> [Available data]:
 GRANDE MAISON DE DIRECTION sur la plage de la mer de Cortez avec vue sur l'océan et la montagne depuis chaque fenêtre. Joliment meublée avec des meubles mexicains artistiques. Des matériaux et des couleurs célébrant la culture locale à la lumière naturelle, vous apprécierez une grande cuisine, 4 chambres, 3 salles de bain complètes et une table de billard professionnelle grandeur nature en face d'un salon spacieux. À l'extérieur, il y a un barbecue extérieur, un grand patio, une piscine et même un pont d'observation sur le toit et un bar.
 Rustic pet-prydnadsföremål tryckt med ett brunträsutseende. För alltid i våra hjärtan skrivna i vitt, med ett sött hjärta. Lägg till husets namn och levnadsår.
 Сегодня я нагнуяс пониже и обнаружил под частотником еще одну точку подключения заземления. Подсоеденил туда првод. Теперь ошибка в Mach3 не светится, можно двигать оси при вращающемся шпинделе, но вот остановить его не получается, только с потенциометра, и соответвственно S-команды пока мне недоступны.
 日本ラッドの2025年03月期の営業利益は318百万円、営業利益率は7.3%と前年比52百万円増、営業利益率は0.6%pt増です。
==
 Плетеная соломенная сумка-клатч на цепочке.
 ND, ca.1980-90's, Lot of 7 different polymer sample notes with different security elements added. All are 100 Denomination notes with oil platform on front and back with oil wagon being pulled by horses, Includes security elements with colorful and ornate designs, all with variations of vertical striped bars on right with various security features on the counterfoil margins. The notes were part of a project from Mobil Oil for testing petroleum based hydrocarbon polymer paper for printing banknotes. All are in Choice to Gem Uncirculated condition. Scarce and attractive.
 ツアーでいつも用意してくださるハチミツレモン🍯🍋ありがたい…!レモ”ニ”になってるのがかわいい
==
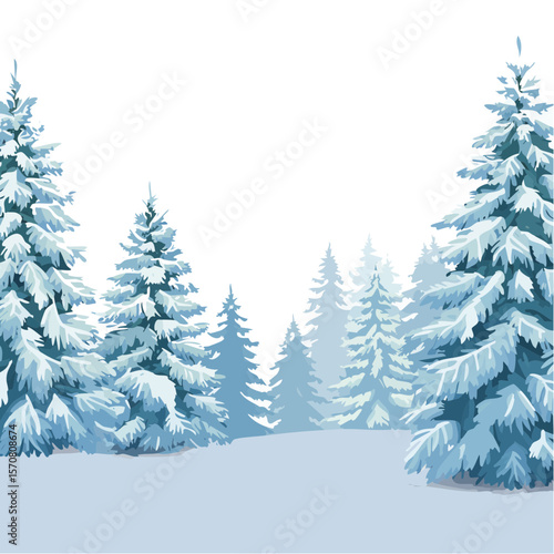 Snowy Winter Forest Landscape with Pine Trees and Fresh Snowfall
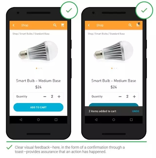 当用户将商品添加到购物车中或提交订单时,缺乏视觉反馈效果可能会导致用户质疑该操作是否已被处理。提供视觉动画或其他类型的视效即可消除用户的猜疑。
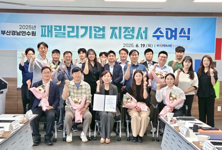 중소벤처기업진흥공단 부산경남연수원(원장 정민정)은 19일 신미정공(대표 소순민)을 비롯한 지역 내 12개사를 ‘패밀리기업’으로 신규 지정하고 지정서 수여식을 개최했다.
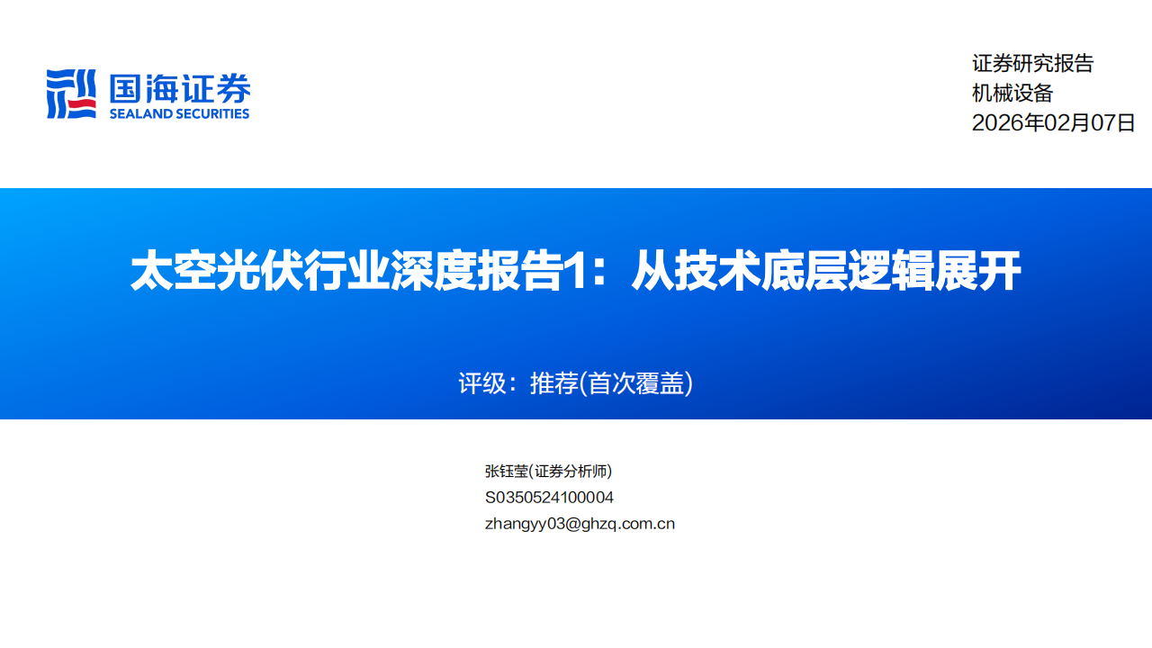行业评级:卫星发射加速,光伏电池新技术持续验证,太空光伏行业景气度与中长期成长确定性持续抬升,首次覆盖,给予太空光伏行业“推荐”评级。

> [What you have to do]: Using the records above, copy word for word the line with "Rustic pet-prydnadsföremål tryckt", the line with "日本ラッドの2025年03月", and every line between them.

> [Solved exercise]:
 Rustic pet-prydnadsföremål tryckt med ett brunträsutseende. För alltid i våra hjärtan skrivna i vitt, med ett sött hjärta. Lägg till husets namn och levnadsår.
 Сегодня я нагнуяс пониже и обнаружил под частотником еще одну точку подключения заземления. Подсоеденил туда првод. Теперь ошибка в Mach3 не светится, можно двигать оси при вращающемся шпинделе, но вот остановить его не получается, только с потенциометра, и соответвственно S-команды пока мне недоступны.
 日本ラッドの2025年03月期の営業利益は318百万円、営業利益率は7.3%と前年比52百万円増、営業利益率は0.6%pt増です。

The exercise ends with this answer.